On Mon, Feb 3, 2020 at 7:45 PM Jeff Law <[email protected]> wrote:
>
> On Fri, 2020-01-31 at 12:04 -0700, Martin Sebor wrote:
> > Attached is a reworked patch since the first one didn't go far
> > enough to solve the major problems. The new solution relies on
> > get_range_strlen_dynamic the same way as the sprintf optimization,
> > and does away with the determine_min_objsize function and calling
> > compute_builtin_object_size.
> >
> > To minimize testsuite fallout I extended get_range_strlen to handle
> > a couple more kinds expressions(*), but I still had to xfail and
> > disable a few tests that were relying on being able to use the type
> > of the destination object as the upper bound on the string length.
> >
> > Tested on x86_64-linux.
> >
> > Martin
> >
> > [*] With all the issues around MEM_REFs and types this change needs
> > extra scrutiny. I'm still not sure I fully understand what can and
> > what cannot be safely relied on at this level.
> >
> > On 1/15/20 6:18 AM, Martin Sebor wrote:
> > > The strcmp optimization newly introduced in GCC 10 relies on
> > > the size of the smallest referenced array object to determine
> > > whether the function can return zero. When the size of
> > > the object is smaller than the length of the other string
> > > argument the optimization folds the equality to false.
> > >
> > > The bug report has identified a couple of problems here:
> > > 1) when the access to the array object is via a pointer to
> > > a (possibly indirect) member of a union, in GIMPLE the pointer
> > > may actually point to a different member than the one in
> > > the original source code. Thus the size of the array may
> > > appear to be smaller than in the source code which can then
> > > result in the optimization being invalid.

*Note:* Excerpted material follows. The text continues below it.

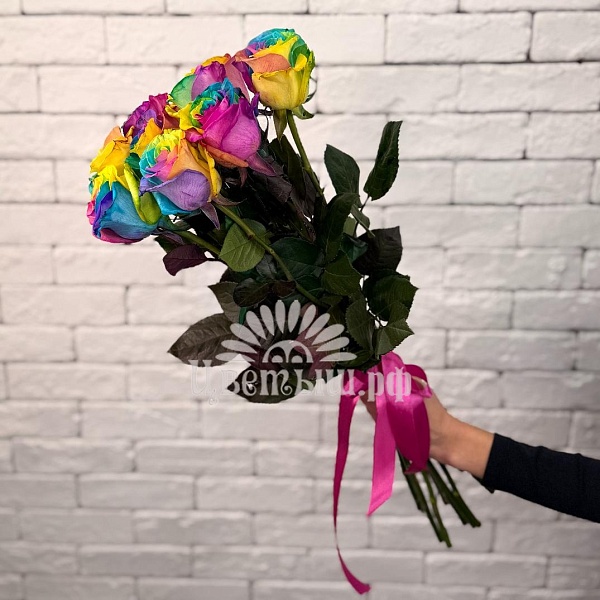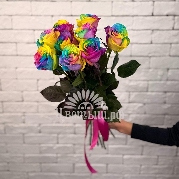 Букет из 9 роз Эквадор «Rainbow» легко вписывается в интерьер офисных пространств, переговорных, ресепшн‑зон или домашнего окружения, создавая визуальный акцент и подчеркивая внимание к деталям. Он помогает выразить благодарность, признательность и тёплые пожелания, формируя благоприятное впечатление у получателя.

> > > 2) when the pointer in the access may point to two or more
> > > arrays of different size (i.e., it's the result of a PHI),
> > > assuming it points to the smallest of them can also lead
> > > to an incorrect result when the optimization is applied.
> > >
> > > The attached patch adjusts the optimization to 1) avoid making
> > > any assumptions about the sizes of objects accessed via union
> > > types, and b) use the size of the largest object in PHI nodes.
> > >
> > > Tested on x86_64-linux.
> > >
> > > Martin
> >
> >
> > PR tree-optimization/92765 - wrong code for strcmp of a union member
> >
> > gcc/ChangeLog:
> >
> > PR tree-optimization/92765
> > * gimple-fold.c (get_range_strlen_tree): Handle MEM_REF and
> > PARM_DECL.
> > * tree-ssa-strlen.c (compute_string_length): Remove.

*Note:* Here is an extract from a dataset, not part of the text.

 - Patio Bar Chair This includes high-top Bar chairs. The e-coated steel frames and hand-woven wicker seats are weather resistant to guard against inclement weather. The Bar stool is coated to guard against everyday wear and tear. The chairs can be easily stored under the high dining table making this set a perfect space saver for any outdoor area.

> > (determine_min_objsize): Remove.
> > (get_len_or_size): Add an argument. Call get_range_strlen_dynamic.
> > Avoid using type size as the upper bound on string length.
> > (handle_builtin_string_cmp): Add an argument. Adjust.
> > (strlen_check_and_optimize_call): Pass additional argument to
> > handle_builtin_string_cmp.
> >
> > gcc/testsuite/ChangeLog:
> >
> > PR tree-optimization/92765
> > * g++.dg/tree-ssa/strlenopt-1.C: New test.
> > * g++.dg/tree-ssa/strlenopt-2.C: New test.
> > * gcc.dg/Warray-bounds-58.c: New test.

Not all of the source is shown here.